The reaction of the global press has been understandably incredulous, largely due to the fact that this move by the government coincides with the piloting of eight social rating apps such as Sesame Credit (launched by Alibaba- China’s answer to Amazon), which have been described as having “gamified obedience to the State”.  However, China does not currently have a financial credit rating system as rigorous as those in the West, so efforts to make credit ratings more transparent seem justifiable; especially considering the problems China faces with issues such as fraud and corruption throughout its industrial, healthcare and education systems.

Yet these pilot projects penetrate further than simply analyzing financial credit by combining data from all spheres of an individual’s life. For example, an individual’s internet activity may be assessed on the basis of whether the user is sharing content that is pro- or anti-state. The fact that the government has given these apps its stamp of approval, whilst the political rhetoric in its own reports maintains a typical sense of ambivalence about the consequences that a social credit system would have, has led many media sources to conflate the two ideas and come to the conclusion that China is embarking on a new form of social engineering. Given China’s history of social control, this is a predictable accusation to make, though, admittedly, it is not that far from the truth. If plans go ahead as expected, the publicising of social scores means that people not only have a regulating effect on each other but also on themselves. What is often harder to accept is that these Orwellian forms of social control already exist in democratic countries. They simply appear on a smaller scale and in a socially accepted format.

Take a moment to consider the apps which you use in everyday life. How about the last time you used an Uber? The simplicity of it means that barely a second thought is spared for the number of stars with which you rate your driver. However, internal charts shared by Business Insider in 2015 leave little room for doubt about the direct implications which driver ratings have on the security of an Uber driver’s job. Drivers with an average rating of 4.6 out of 5 or below run the risk of becoming ‘deactivated’. Of course, this is all for the purpose of providing excellent customer service and improving safety for Uber’s customers and ‘partners’ alike. In an automated world where instant gratification has become the norm and customers and suppliers both dance to the merciless tune of the markets, there is no room for human error. When the requirement is to give a 100% ‘performance’ 100% of the time human emotions and short-fallings become inconvenient blips in the system, yet sanctions as a result of mistakes have very real consequences for individuals.

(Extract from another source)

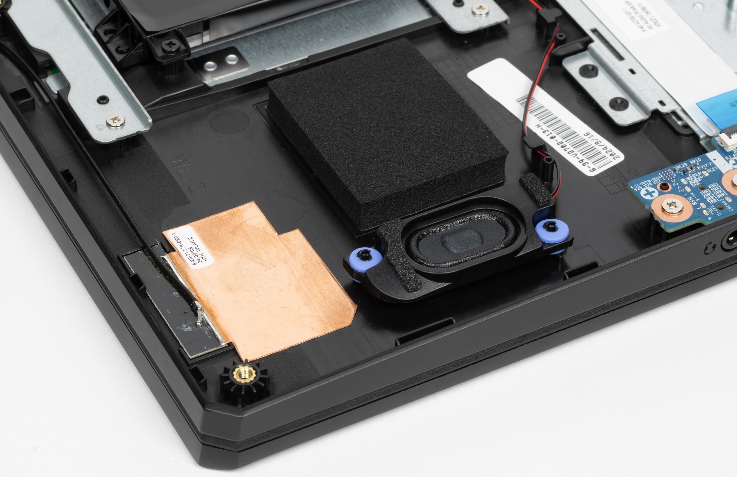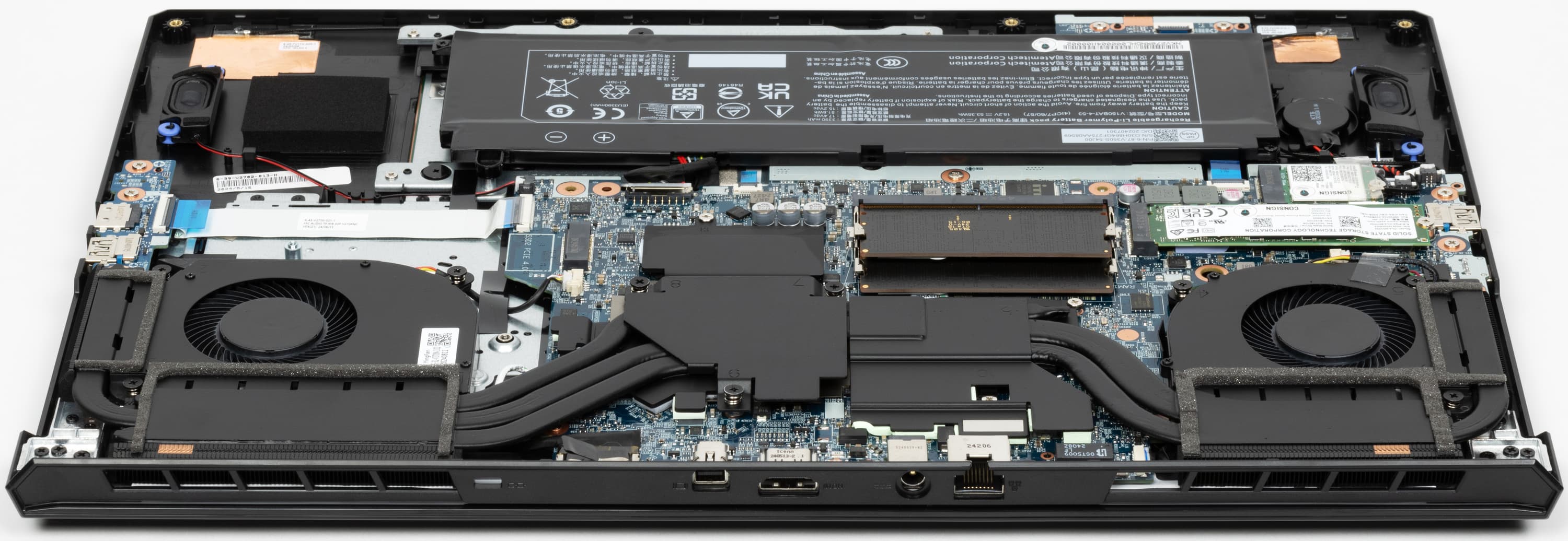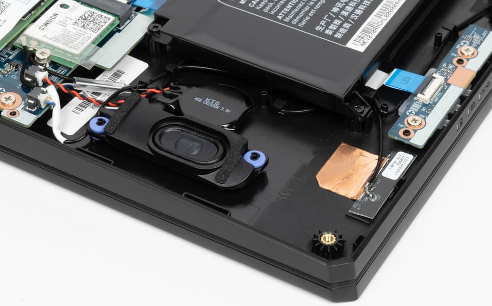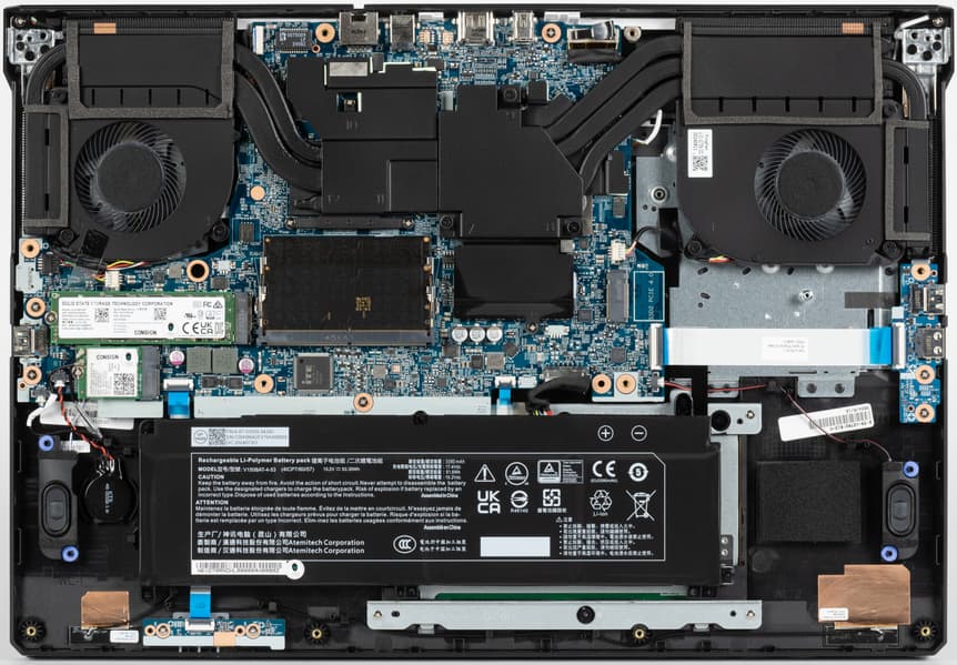 Больше всего места внутри ноутбука занимает системная плата с кулерами, немалая часть отведена под батарею, по бокам которой находятся динамики.

This brings us back to Lacie’s performance in Black Mirror. Her interactions with people are not genuine but tactical moves to gain approval and improve her social rating. All the while, the spectre of those who have slipped down the social ladder and lost privileges such as the right to work looms large, pressuring her to keep up her performance. Similarly, China’s decision to quantify the trustworthiness of its citizens reeks of irony as it will inevitably weaken authentic relationships and hand totalitarian control to those who decide which citizens are deemed ‘trustworthy’.